О душах живых и мертвых - Алексей Новиков
Шрифт:
Интервал:
Закладка:
Михаил Юрьевич благодарит и откланивается.
Оказывается, медицинское свидетельство даже недорого стоит. Этими свидетельствами, писанными по всей форме и с указанием всех обнаруженных болезней, промышляют лекари военного госпиталя. Точно такую бумагу выправляет через посредство бойкого писаря поручик Лермонтов. В документе, выданном с приложением казенной печати, описаны имеющиеся у него недуги. Пятигорский военный лекарь оказывается истинным духовидцем, знающим все до единой болезни человека, которого он в глаза не видел.
Чудотворная бумага отправляется в комендантское управление, а оттуда медленно потащится в Ставрополь. Штабные писаря занесут ее в журнал входящих, потом она пойдет на доклад, на резолюцию, к исполнению.
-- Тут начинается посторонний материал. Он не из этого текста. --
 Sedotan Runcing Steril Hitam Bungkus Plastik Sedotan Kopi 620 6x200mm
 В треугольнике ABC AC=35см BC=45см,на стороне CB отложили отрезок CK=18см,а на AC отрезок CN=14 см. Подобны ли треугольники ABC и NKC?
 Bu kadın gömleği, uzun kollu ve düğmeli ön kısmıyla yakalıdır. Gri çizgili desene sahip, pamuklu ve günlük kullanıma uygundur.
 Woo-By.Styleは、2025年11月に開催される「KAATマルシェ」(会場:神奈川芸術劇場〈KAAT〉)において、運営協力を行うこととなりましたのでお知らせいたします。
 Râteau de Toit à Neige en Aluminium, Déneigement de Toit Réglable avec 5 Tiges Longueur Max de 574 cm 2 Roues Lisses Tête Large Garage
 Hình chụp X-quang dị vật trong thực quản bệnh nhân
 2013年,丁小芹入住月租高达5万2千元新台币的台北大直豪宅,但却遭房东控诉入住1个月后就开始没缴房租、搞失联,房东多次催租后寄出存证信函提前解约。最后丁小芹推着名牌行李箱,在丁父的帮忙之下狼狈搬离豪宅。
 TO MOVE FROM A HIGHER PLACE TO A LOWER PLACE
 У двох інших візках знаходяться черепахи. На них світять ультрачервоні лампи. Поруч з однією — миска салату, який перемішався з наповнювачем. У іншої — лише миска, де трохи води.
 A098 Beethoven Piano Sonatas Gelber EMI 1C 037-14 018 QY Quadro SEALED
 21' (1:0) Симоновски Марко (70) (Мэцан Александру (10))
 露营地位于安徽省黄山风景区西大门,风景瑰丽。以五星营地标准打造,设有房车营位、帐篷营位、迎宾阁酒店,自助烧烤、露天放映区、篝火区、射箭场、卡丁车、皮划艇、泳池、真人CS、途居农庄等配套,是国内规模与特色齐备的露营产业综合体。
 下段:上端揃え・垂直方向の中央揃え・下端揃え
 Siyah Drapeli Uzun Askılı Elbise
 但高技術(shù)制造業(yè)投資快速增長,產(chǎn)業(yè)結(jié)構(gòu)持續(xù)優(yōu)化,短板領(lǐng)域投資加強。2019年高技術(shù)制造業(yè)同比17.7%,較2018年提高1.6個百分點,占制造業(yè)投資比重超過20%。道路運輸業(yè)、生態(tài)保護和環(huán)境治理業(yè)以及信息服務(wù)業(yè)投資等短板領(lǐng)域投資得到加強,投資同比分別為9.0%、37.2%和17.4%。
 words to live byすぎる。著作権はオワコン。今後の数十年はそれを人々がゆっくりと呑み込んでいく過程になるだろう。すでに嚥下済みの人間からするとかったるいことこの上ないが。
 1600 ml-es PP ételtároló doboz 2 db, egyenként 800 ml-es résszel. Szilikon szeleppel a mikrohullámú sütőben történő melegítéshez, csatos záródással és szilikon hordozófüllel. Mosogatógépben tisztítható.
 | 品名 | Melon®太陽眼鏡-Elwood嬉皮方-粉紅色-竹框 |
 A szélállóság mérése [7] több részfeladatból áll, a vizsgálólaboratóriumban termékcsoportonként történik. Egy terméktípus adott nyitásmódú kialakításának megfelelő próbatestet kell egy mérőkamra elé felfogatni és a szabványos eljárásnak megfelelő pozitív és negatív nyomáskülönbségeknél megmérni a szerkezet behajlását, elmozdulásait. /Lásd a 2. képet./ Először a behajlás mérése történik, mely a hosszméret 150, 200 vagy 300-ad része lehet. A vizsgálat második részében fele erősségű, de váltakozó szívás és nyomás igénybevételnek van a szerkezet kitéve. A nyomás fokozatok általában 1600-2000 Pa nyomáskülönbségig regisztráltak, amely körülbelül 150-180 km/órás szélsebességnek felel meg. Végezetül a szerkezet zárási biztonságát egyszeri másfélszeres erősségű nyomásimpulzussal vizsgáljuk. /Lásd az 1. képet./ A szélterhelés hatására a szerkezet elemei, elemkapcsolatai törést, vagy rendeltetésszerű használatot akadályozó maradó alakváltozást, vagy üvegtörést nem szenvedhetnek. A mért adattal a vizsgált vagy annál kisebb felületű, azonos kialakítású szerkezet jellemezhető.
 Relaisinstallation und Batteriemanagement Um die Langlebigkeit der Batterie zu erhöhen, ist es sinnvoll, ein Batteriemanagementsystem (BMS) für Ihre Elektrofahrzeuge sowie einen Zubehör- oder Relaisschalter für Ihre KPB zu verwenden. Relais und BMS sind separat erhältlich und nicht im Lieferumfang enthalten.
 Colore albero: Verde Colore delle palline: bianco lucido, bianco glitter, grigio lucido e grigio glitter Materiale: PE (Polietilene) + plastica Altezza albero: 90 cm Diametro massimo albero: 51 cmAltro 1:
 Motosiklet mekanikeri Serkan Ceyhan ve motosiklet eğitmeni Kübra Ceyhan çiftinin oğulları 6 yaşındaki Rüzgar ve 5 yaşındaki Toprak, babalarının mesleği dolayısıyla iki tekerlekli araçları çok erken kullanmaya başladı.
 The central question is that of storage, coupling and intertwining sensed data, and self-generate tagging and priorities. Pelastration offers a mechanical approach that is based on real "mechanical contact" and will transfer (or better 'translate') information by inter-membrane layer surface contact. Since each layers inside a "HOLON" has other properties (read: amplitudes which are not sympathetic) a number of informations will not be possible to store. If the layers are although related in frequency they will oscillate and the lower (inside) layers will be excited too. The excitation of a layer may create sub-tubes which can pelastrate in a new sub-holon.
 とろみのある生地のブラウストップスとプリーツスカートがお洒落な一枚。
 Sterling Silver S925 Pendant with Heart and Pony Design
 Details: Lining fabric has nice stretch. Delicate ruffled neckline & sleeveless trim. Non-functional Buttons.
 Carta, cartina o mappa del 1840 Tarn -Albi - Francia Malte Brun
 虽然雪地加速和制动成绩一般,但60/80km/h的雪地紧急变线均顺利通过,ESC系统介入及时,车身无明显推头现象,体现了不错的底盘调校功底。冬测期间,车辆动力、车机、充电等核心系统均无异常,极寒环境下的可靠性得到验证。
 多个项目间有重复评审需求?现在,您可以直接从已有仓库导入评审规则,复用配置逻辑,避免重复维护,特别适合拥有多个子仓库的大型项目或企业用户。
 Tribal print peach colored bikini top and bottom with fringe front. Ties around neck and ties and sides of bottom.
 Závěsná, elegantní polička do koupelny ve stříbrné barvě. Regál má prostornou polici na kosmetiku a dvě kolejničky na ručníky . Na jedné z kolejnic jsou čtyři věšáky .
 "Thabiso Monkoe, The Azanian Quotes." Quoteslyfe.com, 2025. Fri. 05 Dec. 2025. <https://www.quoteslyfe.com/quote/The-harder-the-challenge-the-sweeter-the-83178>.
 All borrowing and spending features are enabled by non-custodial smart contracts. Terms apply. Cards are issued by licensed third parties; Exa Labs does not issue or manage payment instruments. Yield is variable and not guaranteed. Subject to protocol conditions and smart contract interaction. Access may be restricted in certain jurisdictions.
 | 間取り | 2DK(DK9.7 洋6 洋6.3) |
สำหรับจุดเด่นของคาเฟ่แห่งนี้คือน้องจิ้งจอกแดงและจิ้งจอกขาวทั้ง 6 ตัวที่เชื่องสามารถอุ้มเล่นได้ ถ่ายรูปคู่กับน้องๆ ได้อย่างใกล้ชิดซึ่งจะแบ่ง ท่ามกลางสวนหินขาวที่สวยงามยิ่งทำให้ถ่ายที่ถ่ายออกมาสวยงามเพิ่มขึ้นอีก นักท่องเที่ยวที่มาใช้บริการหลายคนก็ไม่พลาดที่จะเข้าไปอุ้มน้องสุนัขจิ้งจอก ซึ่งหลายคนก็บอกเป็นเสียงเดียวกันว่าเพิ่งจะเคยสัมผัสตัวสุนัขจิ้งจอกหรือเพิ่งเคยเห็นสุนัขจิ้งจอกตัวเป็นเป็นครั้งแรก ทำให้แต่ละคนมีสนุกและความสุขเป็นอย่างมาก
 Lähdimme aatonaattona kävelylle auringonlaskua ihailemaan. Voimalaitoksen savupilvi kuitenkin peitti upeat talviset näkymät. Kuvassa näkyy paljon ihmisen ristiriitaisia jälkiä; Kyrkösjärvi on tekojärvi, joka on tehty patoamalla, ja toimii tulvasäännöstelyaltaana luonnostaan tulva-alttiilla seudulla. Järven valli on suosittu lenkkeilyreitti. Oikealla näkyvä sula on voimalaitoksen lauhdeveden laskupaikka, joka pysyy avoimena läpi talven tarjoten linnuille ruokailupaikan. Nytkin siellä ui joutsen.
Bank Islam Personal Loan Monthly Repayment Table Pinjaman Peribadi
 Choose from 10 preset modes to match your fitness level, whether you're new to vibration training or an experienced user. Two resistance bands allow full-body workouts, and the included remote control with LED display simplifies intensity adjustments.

Словом, драгоценное право на пребывание в Пятигорске опять отвоевано…
Чем больше людей собирается во флигеле к обеду или вечером, тем, кажется, больше доволен поэт. Толкущихся здесь знакомых так много, что не про каждого и вспомнишь. Куда исчез, например, поручик Лисаневич, милый, простодушный юноша, над которым с такой охотой подшучивал Михаил Юрьевич?
– Господа, кто видел Лисаневича?
Молчание.
– Я вчера встретил его на бульваре, – откликнулся Мартынов.
– Что с ним?
Николай Соломонович открыл в это время карту. Карта была бита.
Игра продолжалась. Так и не привелось ему рассказать о происшедшей встрече. К тому же Николай Соломонович дал Лисаневичу слово хранить тайну.
Мартынов никогда не обращал внимания на этого сентиментального молокососа. Вчера Лисаневич поразил его взволнованным и растерянным видом. Он обрадовался Мартынову так, будто долго и тщетно его искал. Они прошлись по бульвару.
– Подлецы! – воскликнул Лисаневич, едва они удалились от шумной толпы. – Если бы вы знали, господин майор, какие подлецы таятся в здешнем обществе!
– Что значит эта филиппика, поручик? Или вы только сегодня вступили в мир?
– Ох, какие подлецы! – продолжал Лисаневич. – Признаюсь, я совершенно потерялся…
Он и в самом деле был вне себя.
– Я первый раз вышел сегодня из дому и, когда увидел вас, тотчас подумал: судьба. Вы ведь старый товарищ Лермонтова?
– При чем тут Лермонтов? Ничего не понимаю!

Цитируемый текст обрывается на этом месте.